Monday, July 28, 2014

Joe Sullivan, Whiskey Jack Waltz

It's not like the world is a new place everyday when we wake up. But, five days a week, give or take, I find three new recordings of music that's worth hearing, that makes the world new, at least for me. So I wake up each day and talk about them a little so that you might have new things to check out.

Here's one that perhaps is easy to miss. It's trumpetissimo and jazz composer-tunesmith Joe Sullivan, with his quintet album Whiskey Jack Waltz (Perry Lake Records 003). This is changes-oriented, evolved mainstream jazz of a good sort.

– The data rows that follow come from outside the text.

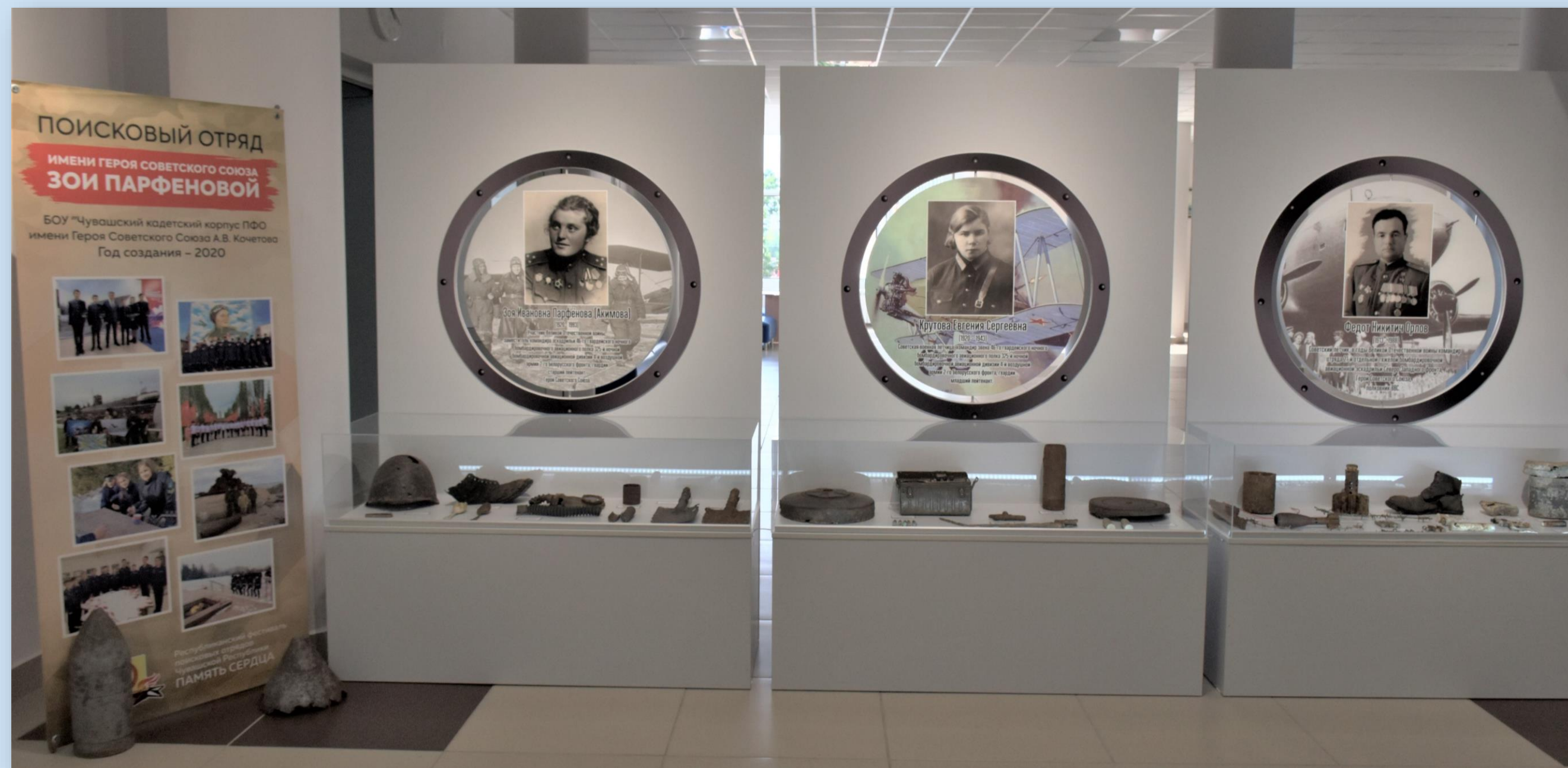
Поисковый отряд имени Героя Советского Союза Зои Парфеновой
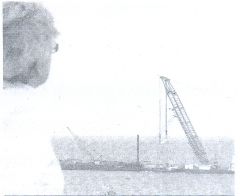
Una grúa trabaja en el 'New Flame' en Punta Europa.

Conil es junto con Cádiz, Chiclana o El Puerto uno de los destinos prioritarios de los jóvenes en temporada estival. El Ayuntamiento de Conil instala cada año en el paseo marítimo unas carpas que se suman a la amplia oferta de bares y discotecas de la localidad. Altercados como éste suelen ser frecuentes en esta zona a altas horas de la noche, coincidiendo con el horario de cierre.
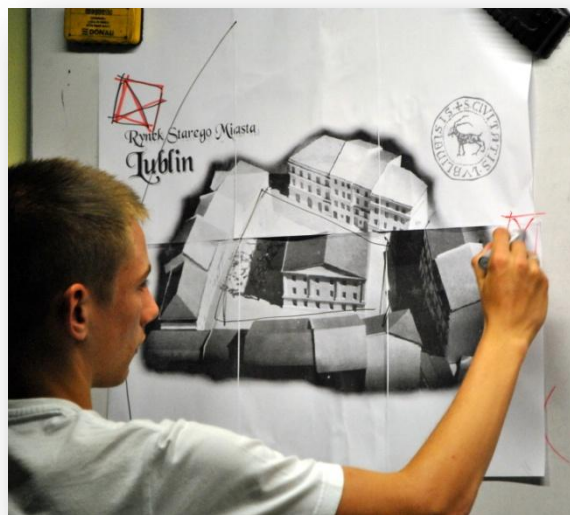
Rysunek 7. Rynek Starego Miasta - wyznaczenie dawnych murów i bram obronnych.

Joe has a trumpet sound closer to Diz than Miles, if you had to choose, or Fats and Freddie more that Joe Smith, but really it is his sound: pinched in a pleasing sort of way, expressive and bell-on.

He is joined by a game quintet of Lorne Lofsky, electric guitar, Andre White, piano, Alec Walkington, bass, and Dave Laing, drums. They all have drive and finesse; White and Lofsky have good solo presence along with Sullivan.

Nine tunes Sullivan penned set the table for a nice musical meal, so to speak. And Joe Sullivan's trumpet speaks to us lucidly, sparklingly.

If you get excited by good trumpet players, now's the time. Joe Sullivan has a brass proudness that his tunes and the band forward with grace and grits. Well-done!